Karachi: Sindh High Court on Friday ordered that public offer made by Bermuda-based Greentree Holdings to acquire controlling shares of TRGP stands abated and directed manager to the offer AKD Securities to return the shares tendered by shareholders of TRGP to the respective shareholders.
The order came on application filed by the former CEO of TRGP Ziaullah Khan Chisti who challenged the public offer and purchase of 35 percent additional shares of TRGP to control the company as unlawful.
Greentree had made a public announcement of offer under Regulation 7 of the Listed Companies (Substantial Acquisition of Voting Shares and Takeovers) Regulations 2017 (Takeover Regulations), read with section 1112 of the Securities Act 2015, to acquire an additional 35% voting shares of TRGP to take its shareholding to 65% thus giving it control of TRGP.
Petitioner counsel submitted that all shares of TRGP purchased by Greentree and now the public offer as well, is funded by TRGP‘s own money i.e. financial assistance‘ by TRGP to buy its own shares which is prohibited by section 86(2) of the Companies Act 2017. The Petitioner submitted that such maneuver by directors of TRGP to deliver control of the company to Greentree is unlawful, fraudulent and oppressive of the members of TRGP.
SHC’s single bench headed Justice Adnan Iqbal Chaudhry after hearing the arguments of the counsel observed that it is equally frivolous to argue that when the Board of TRGP violates the statute, diverts the funds/assets of a public-listed company to create the largest shareholder (Greentree), and then maneuvers its affairs to deliver control to such shareholder then that does not oppress other shareholders who could have been contenders for control on a level-playing field.
The court observed that acts committed by the Board of TRGP in collusion with the largest shareholder i.e.
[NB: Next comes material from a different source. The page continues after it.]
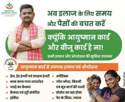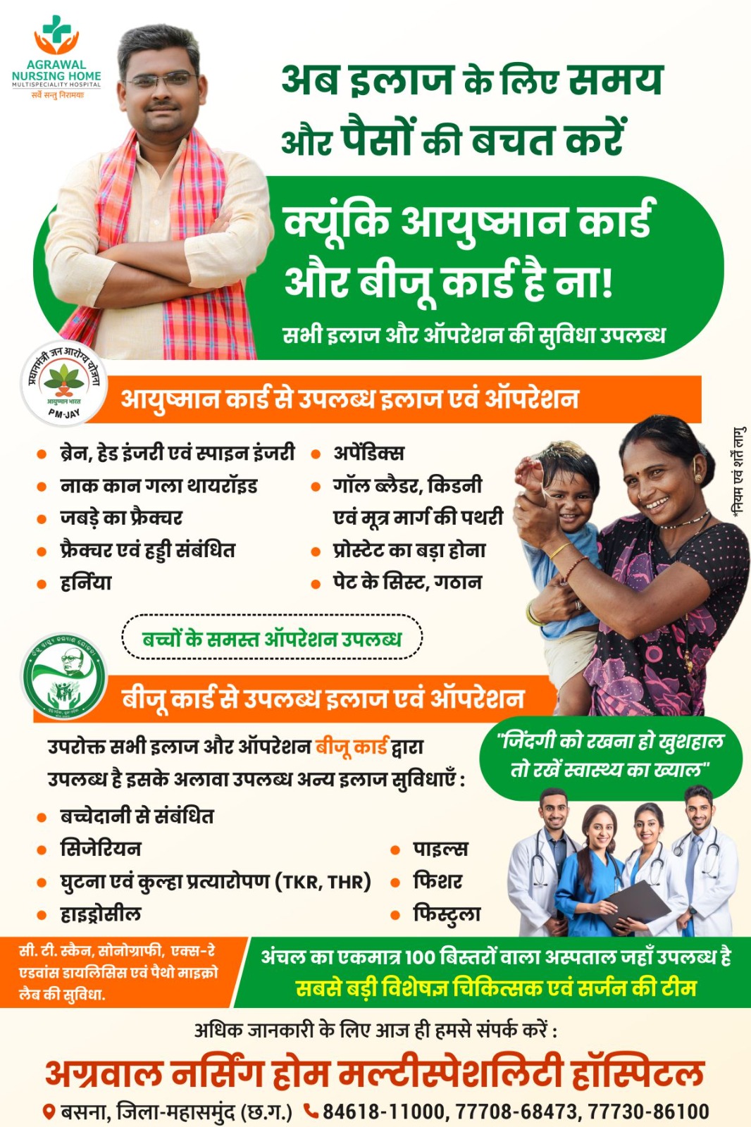 अग्रवाल नर्सिंग होम बसना मे छत्तीसगढ़ और ओड़िसा वासियों के लिए आयुष्मान कार्ड और बीजू कार्ड सभी इलाज और ऑपरेशन की सुविधा उपलब्ध!

Greentree, do oppress minority shareholders such as the petitioner who are in the category of substantial shareholder‘ as defined in section 2(7)(d) of the Companies Act i.e. holding an interest of 10% or more in the company.
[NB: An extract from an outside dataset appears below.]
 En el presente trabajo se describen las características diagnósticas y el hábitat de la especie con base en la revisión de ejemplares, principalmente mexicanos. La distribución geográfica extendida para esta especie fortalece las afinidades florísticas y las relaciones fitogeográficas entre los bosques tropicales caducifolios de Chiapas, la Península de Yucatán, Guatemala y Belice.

The court observed that once oppression of minority shareholders is established, a case for winding-up stands made out in view of clause (g)(iii) of section 301 of the Companies Act and the court may then consider corrective orders instead under sub-section (2) of section 286.
The court observed that violation of section 86(2) of the Companies Act to divert the funds/assets of the company for no apparent gain to the company; and the deliberate violation 158(2) of the Companies Act to delay election of directors at the behest of the largest shareholder (Greentree), is also mismanagement by the Board of TRGP (separate from oppression) i.e. conducting the affairs of TRGP in an unlawful and fraudulent manner within the meaning of section 286.
The court observed that these become grounds for winding-up the company under clauses (g)(i) and (g)(iv) of section 301 i.e. where the company has been carrying on, unlawful or fraudulent activities; and is being run and managed by persons who commit fraud, misfeasance or malfeasance in relation to the company.
The court observed that affairs of TRGP are being conducted in an unlawful and fraudulent manner and in a manner oppressive to members such as the petitioner, the case falls for corrective orders under sub-section (2) of section 286 of the Companies Act.
The court ordered that shares held by Greentree in TRGP are declared to be the property of TRGP which shall be deemed to have been purchased by TRGP from its shareholders under section 88 of the Companies Act and held as treasury shares which are subject to the conditions set-out in sub-section (3) of section 88.
The court directed Central Depository Company of Pakistan Ltd to amend the central depository register accordingly.
The court directed TRGP to amend the register of its members accordingly and make other consequential alterations to its record.
The court ruled that the public offer made by Greentree to acquire controlling shares of TRGP stands abated and the manager to the offer AKD securities is directed to return the shares tendered by shareholders of TRGP to the respective shareholders.
The court directed board of directors of TRGP to forthwith issue notice for calling an extra-ordinary general meeting of the company for electing directors. The court observed that board of directors of TRGP constituted after election shall then decide whether to retain the treasury shares, to cancel them or to sell them as per Regulation 13 of the Listed Companies (Buy-Back of Shares) Regulations, 2019; provided that, where the treasury shares exceed the limit fixed by Regulation 9, the shares exceeding such limit shall be cancelled or sold.